In terms of urban renewal, there are often complaints about gentrification, but as this excellent article from City Journal reports, it is the best solution around.
In the 1990s, decades after the riots that followed the 1968 murder of Martin Luther King, the Washington, D.C., neighborhoods of Logan Circle and Columbia Heights still showed scars of that terrible time. Through many of those years, the mostly black residents of those areas would be in luck if they were looking for a prostitute or a drug deal; they had a harder time tracking down fresh spinach or blood-pressure medication. Logan Circle’s elegant Civil War–era mansions were crumbling or boarded up; the turreted row houses of Columbia Heights were in even worse shape.
Still, the local D.C. government was growing aware of the potential of these two neighborhoods, near as they were to federal government offices and the swarm of lobbying and law firms and media and public-relations outfits near them. In 1999, a metro stop opened in Columbia Heights, right across the street from a spiffy new Target. A Whole Foods took up residence a year later in a former auto-parts store near Logan Circle. Fortuitously, the District was at the same moment beginning to catch the eye of a growing number of career-hungry recent college grads.
Whole Foods, nineteenth-century townhouses, striving millennials—is there anyone who couldn’t predict what was coming? The brunch spots, the $14 basil-infused cocktails, the bike lanes, the condos, and the soaring rents? As crime was brought under control during the first decade of the 2000s, 14th Street became as haute yuppie as they come. The tattooed crowd then tried out a dicey area of 11th Street, three blocks east in Columbia Heights. Across the street from a Chinese takeout with cashiers sitting behind a presumably bulletproof partition lies a block-long bar/diner/coffeehouse called the Coupe. The day I visited, Maria, a pleasant nursing-student barista in jean shorts and a T-shirt, told me that since one of her coworkers got mugged a while back, a policeman (and sometime customer) often stops by at closing time to make sure that others don’t run into trouble. The incident doesn’t seem to have hurt business: postgrads cram the place, sitting on comfy sofas with their six-pound textbooks, studying for law boards and GMATs.

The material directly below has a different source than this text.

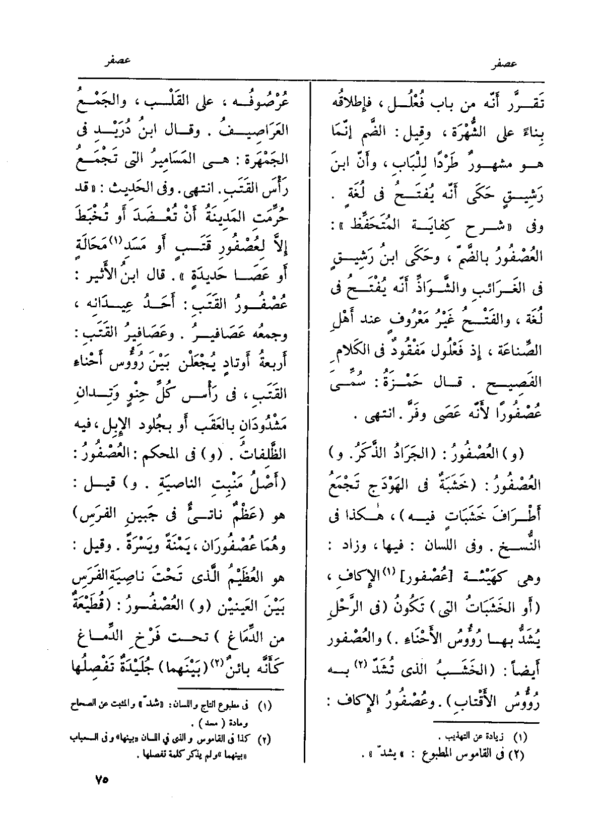 تَقَرَّر أَنّه من بَاب فُعْلُل، فإِطلاقُه بِناءً على الشُّهْرَة، وقِيل: الضَّم إِنّمَا هُوَ مشهورٌ طَرْداً لِلْبَابِ، وأَنّ ابنَ رَشِيقٍ حَكَى أَنّه يُفْتَحُ فِي لُغَةٍ. وَفِي شرح كِفَايَة المُتَحَفِّظ: العُصْفُورُ بالضَّمّ، وحَكَى ابنُ رَشِيقٍ فِي الغَرَائبِ والشَّوَاذِّ أَنّه يُفْتَحُ فِي لُغَة، والفَتْحُ غَيْرُ مَعْرُوفٍ عِنْد أَهْلِ الصِّناعَة، إِذ فَعْلُول مَفْقُودٌ فِي الكَلامِ الفَصِيح. قَالَ حَمْزَةُ: سُمِّىَ عُصْفُوراً لأَنّه عَصَى وفَرَّ. انْتهى. والعُصْفُورُ: الجَرَادُ الذَّكَرُ.

Some might see what’s happening in Columbia Heights and Logan Circle—gentrification, in a word—as a hopeful sign. Decaying, quasi-abandoned neighborhoods in a city once dubbed the “Murder Capital of America,” whose most famous local figure was a mayor with a penchant for crack, have turned into places where people are keen to live, eat, shop, and study. But large numbers of self-proclaimed urbanophiles—including, bizarrely, many of those same people flocking to such revived places in cities across the developed world—claim to hate the changes afoot, contending that they’re symptomatic of decadent capitalism and its racist infrastructure. Many longtime locals grumble, too. In a famous 2014 rant, filmmaker Spike Lee railed against white newcomers to the once-black neighborhood of Fort Greene, Brooklyn, accusing them of being part of a “motherfuckin’ Christopher Columbus syndrome.” Some wring their hands at their own complicity in the sordid phenomenon. “If you want to stop a place—anywhere—from being gentrified, don’t move there, don’t even go there—leave it the hell alone,” Alex Hudson, an editor at Metro UK, an alternative London paper, recently urged his readers.
Hudson is right about one thing: to stop gentrification, educated young people should steer clear of Brooklyn, D.C., San Francisco, London, and many other cities. Aside from that glimmer of wisdom, he’s come up with about the worst idea for cities—including their minority populations—since Robert Moses planned the Cross Bronx Expressway. Gentrification has its costs, some vexingly resistant to policy fixes, but it has brought cities in many advanced economies back from the brink. If there’s another route to urban health, we’ve yet to find it.